Can Debt Collectors Take Your Stimulus Check?
Have you ever received a letter from a debt collector asking for an old credit card balance payment? If you have, you probably considered paying them. If you have outstanding debt, maybe you should consider investing it instead. If your tax refund or stimulus check is being garnished, you want to know how to deal with the problem. You can do things manually or use an app like DoNotPay to help prevent debt collectors from taking your money.
What Is the FDCPA?
The FDCPA provides consumers with protection from debt collectors. It's a complicated and extensive federal law, and you need to know how you can use it to protect yourself.
FDCPA protects against predatory debt collector harassment. It's enforced by the Federal Trade Commission and contains guidelines for how debt collectors can communicate with consumers.
Here's an overview of what FDCPA covers:
- Debt collectors cannot harass you with calls before 8 am or after 9 pm in your time zone.
- Debt collectors have to disclose that they are calling as debt collectors when they first contact you.

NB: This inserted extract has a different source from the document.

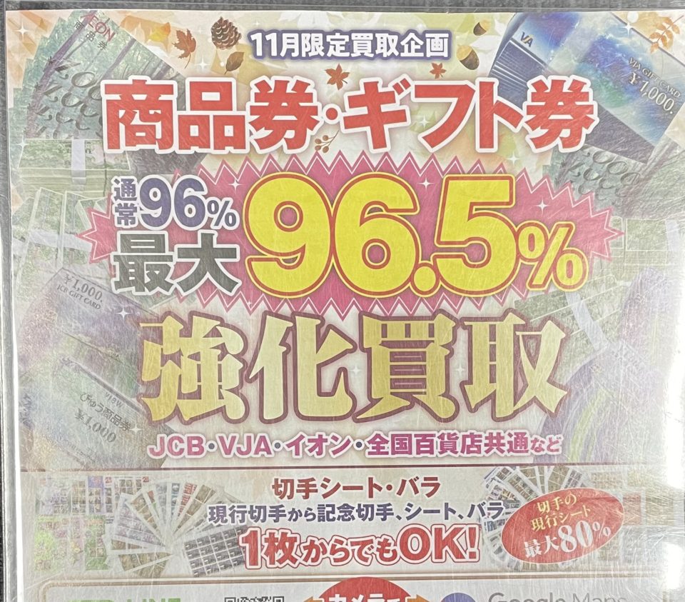 11月は金券・ギフト券を強化買取!!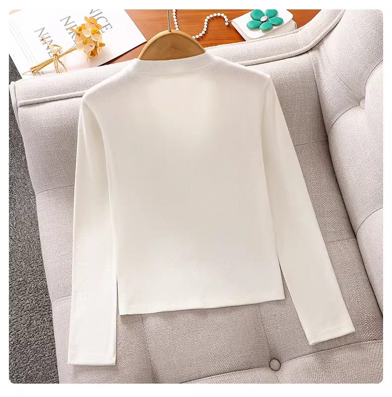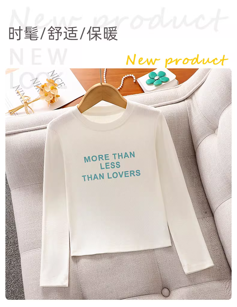 - Áo thun trắng bé gái kiểu mới xuân thu 2025, dáng ôm, tay dài, áo thun mùa thu thường ngày cho bé gái lớn tuổi

- Debt collectors can't harass, abuse, or threaten you in any way, whether that means using obscene language, making repeated calls, or revealing your debts to your friends and family.
- Debt collectors can only collect money for the debt you owe and are not allowed to harass you into paying additional fees or interest charges (unless those additional fees were part of your original contract).
- Debt collectors are required to honor written requests for proof of the debt. So if a debt collector contacts you but refuses to provide proof of the debt when asked, it's likely that they do not have the legal right to collect on it.
These are the basic things that the FDCPA covers, but there are issues when it comes to things like stimulus checks and tax returns. This is why it is important to have a service like DoNotPay on your side to ensure you get to keep your money.
FDCPA Violations and Your Stimulus Check
FDCPA violations are serious, and if you're dealing with one, you should take it seriously as well.
Debt collectors may be third-party companies or original creditors who have decided to pursue debt collection themselves; either way, they must follow the law.
The FDCPA contains many different rules that apply to debt collectors, but the most important ones from the perspective of your stimulus check are:
- A debt collector must send you a letter notifying you of the existence of debt within five days of first contacting you.
- A debt collector cannot contact you before 8 am or after 9 pm unless you've agreed otherwise.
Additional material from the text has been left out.